WORK INSTRUCTION: Could you print the stretch of lines below from the one with "張りと透け感を併せもつポリエ" through the one with "A pair of Chinese", exactly as they stand and without any pictures?

Collected data entries:
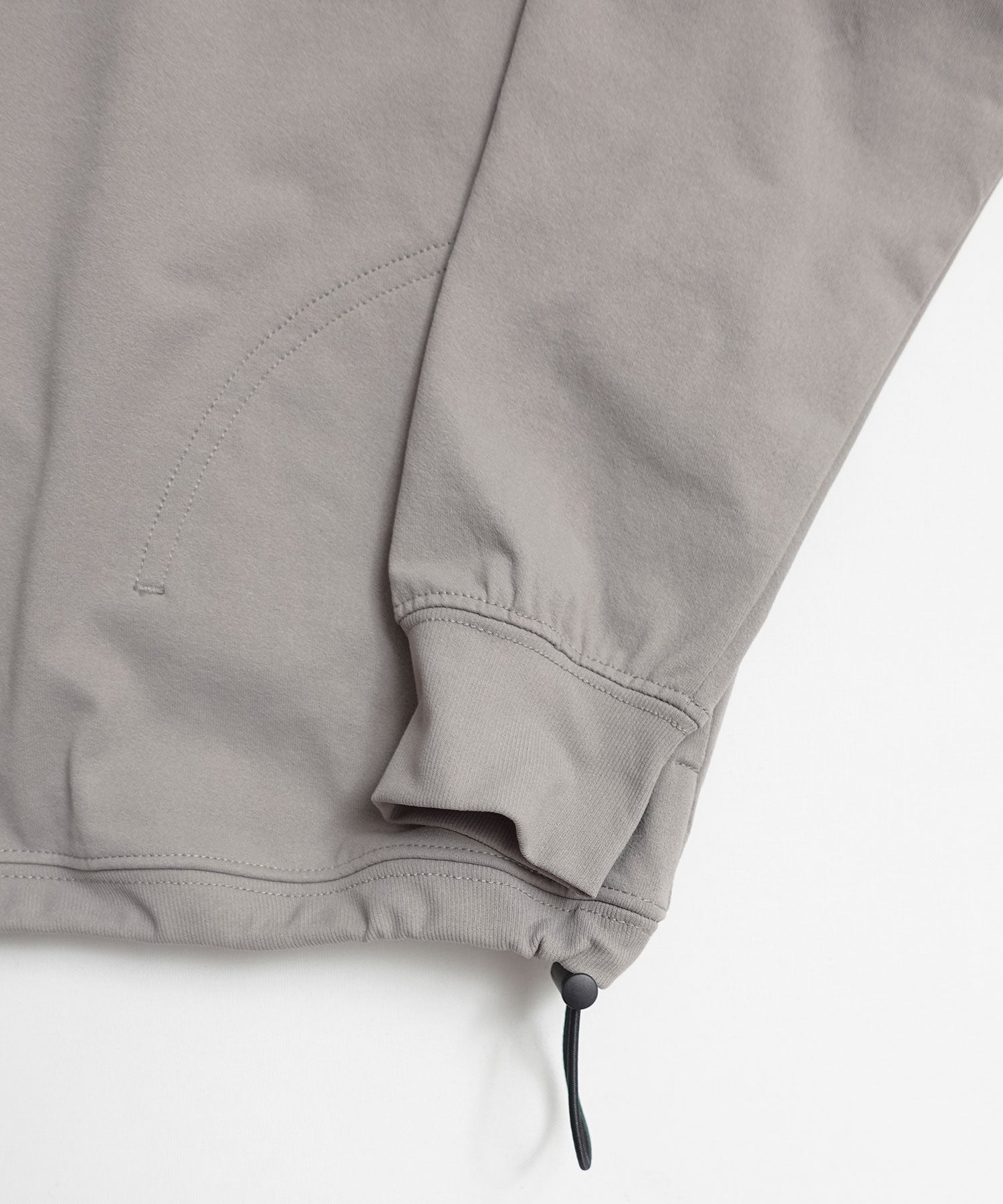 ラッシュガード素材を天竺で編み立てました。軽量でキックバックがあり、ダレにくいのが特徴。収縮率の違う糸で編み立て、メランジ風の見え方に。・UPF50(紫外線保護指数)
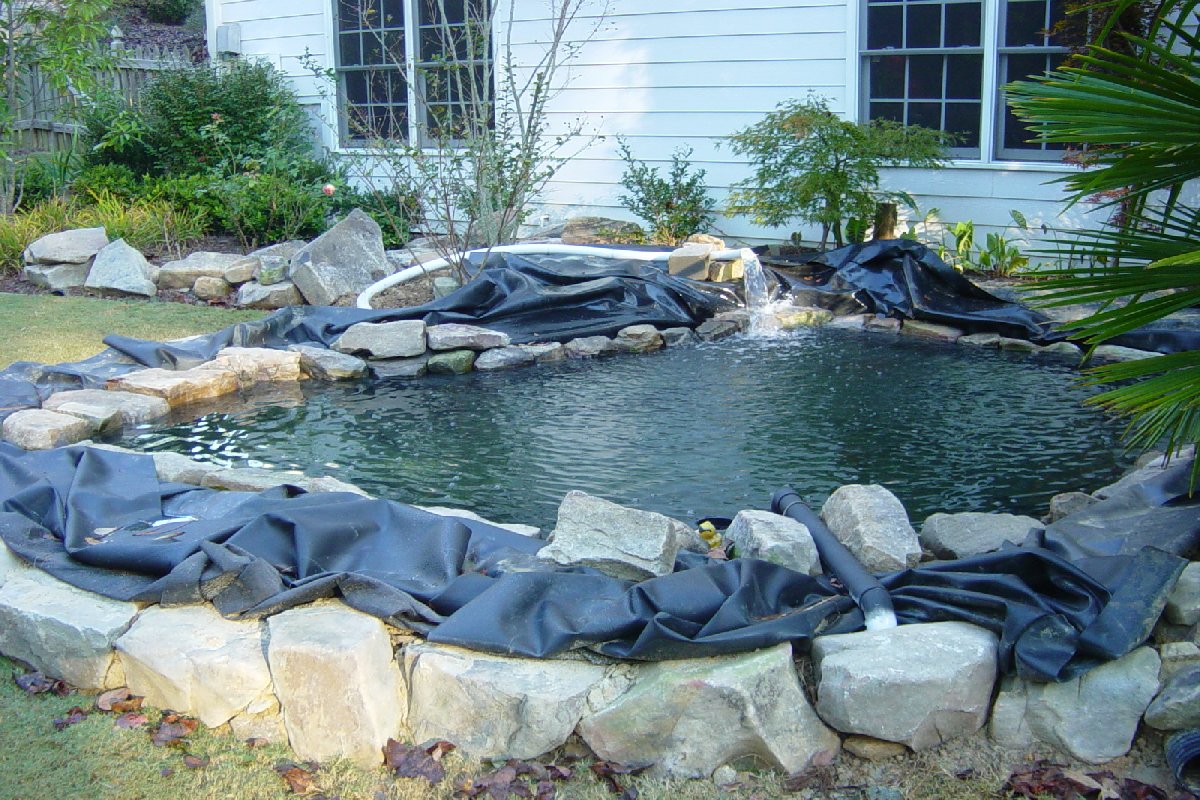 The pond also had large rocks on all the inside of the liner, thus
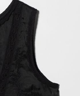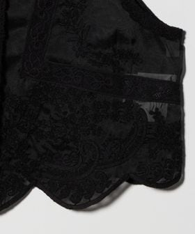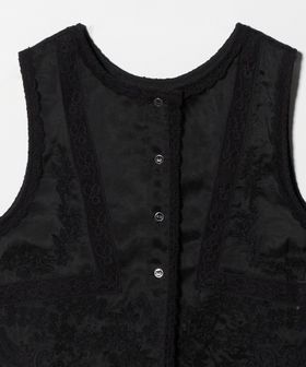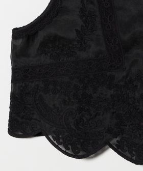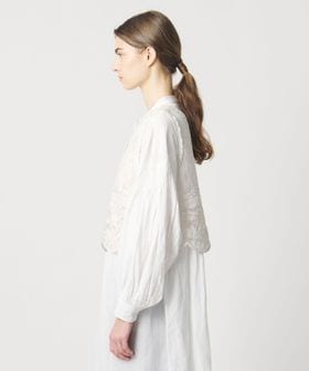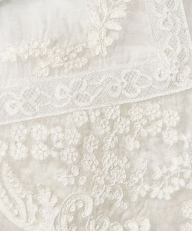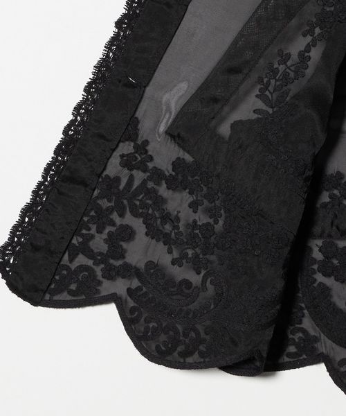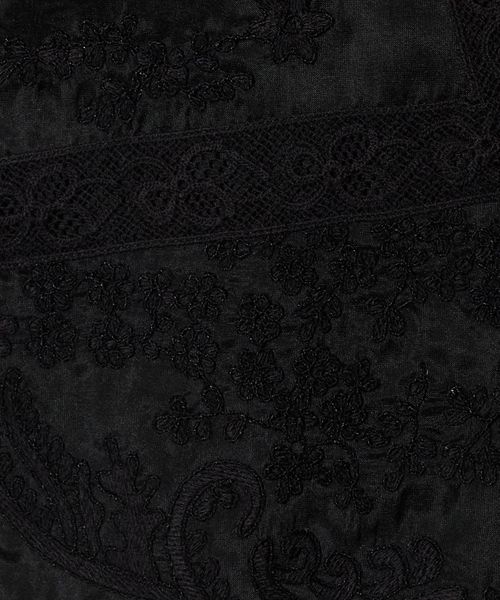張りと透け感を併せもつポリエステル生地に、立体的で表情豊かなコード刺繍を施し、美しいレースへと仕立てました。
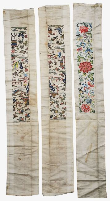 A pair of Chinese embroidered silk sleeve cuffs
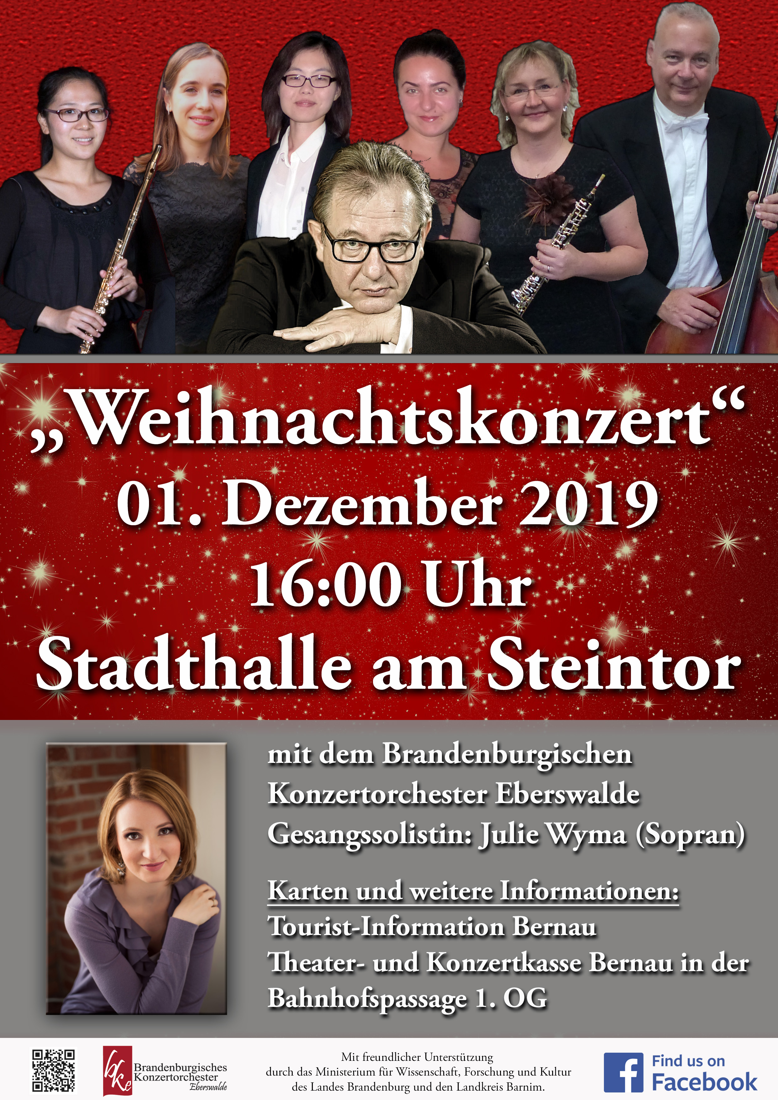„Weihnachtskonzert“ am 01. Dezember 2019 um 16.00 Uhr in der Stadthalle am Steintor in Bernau Zum 1. Advent erklingt am Sonntag, den 01. Dezember um 16.00 Uhr in der Stadthalle am Steintor in Bernau das stimmungsvolle „Weihnachtskonzert“ des Brandenburgischen Konzertorchesters Eberswalde. Bevor die weihnachtliche Anspannung um die Geschenke, das Essen und die Familienharmonie ausbricht, wollen die Musiker mit ihrer Solistin Julie Wyma (Sopran) den musikalischen Gabentisch reich decken. Mit den schönsten Weihnachtsliedern und einer Vielzahl beschwingter Weisen zum Advent ist weihnachtliche Vorfreude und Festtagsstimmung garantiert - eine entspannende und eindrucksvolle Gelegenheit, sich dem Geheimnis von Weihnachten singend, lauschend, schmunzelnd und nachdenklich zu nähern. Mit einer kurzweiligen Mischung aus traditionellen Weihnachtsliedern wie „In dulci jubilo“ und „Süßer die Glocken nie klingen“ sowie musikalischen Evergreens wie „Petersburger Schlittenfahrt“ und „Die Schlittschuhläufer“ möchten die Künstler ihr Publikum unterhalten und auf die schönste Zeit des Jahres einstimmen. - Änderungen vorbehalten - Karten und Informationen unter: Tourist-Information Bernau Tel. (0 33 38) 76 19 19* Theater- & Konzertkasse Bahnhofspassage 1. OG Bernau Frau Frost Tel. (0 33 38) 75 06 24* Brandenburgisches Konzertorchester Eberswalde Tel. (0 33 34) 25 65 0 Ticketportal: www.reservix.de Eintritt: 15,00 Euro VVK* / 18,00 Euro Tageskasse (*zzgl. VVK-Gebühr)

TASK RESULT:
張りと透け感を併せもつポリエステル生地に、立体的で表情豊かなコード刺繍を施し、美しいレースへと仕立てました。
 A pair of Chinese embroidered silk sleeve cuffs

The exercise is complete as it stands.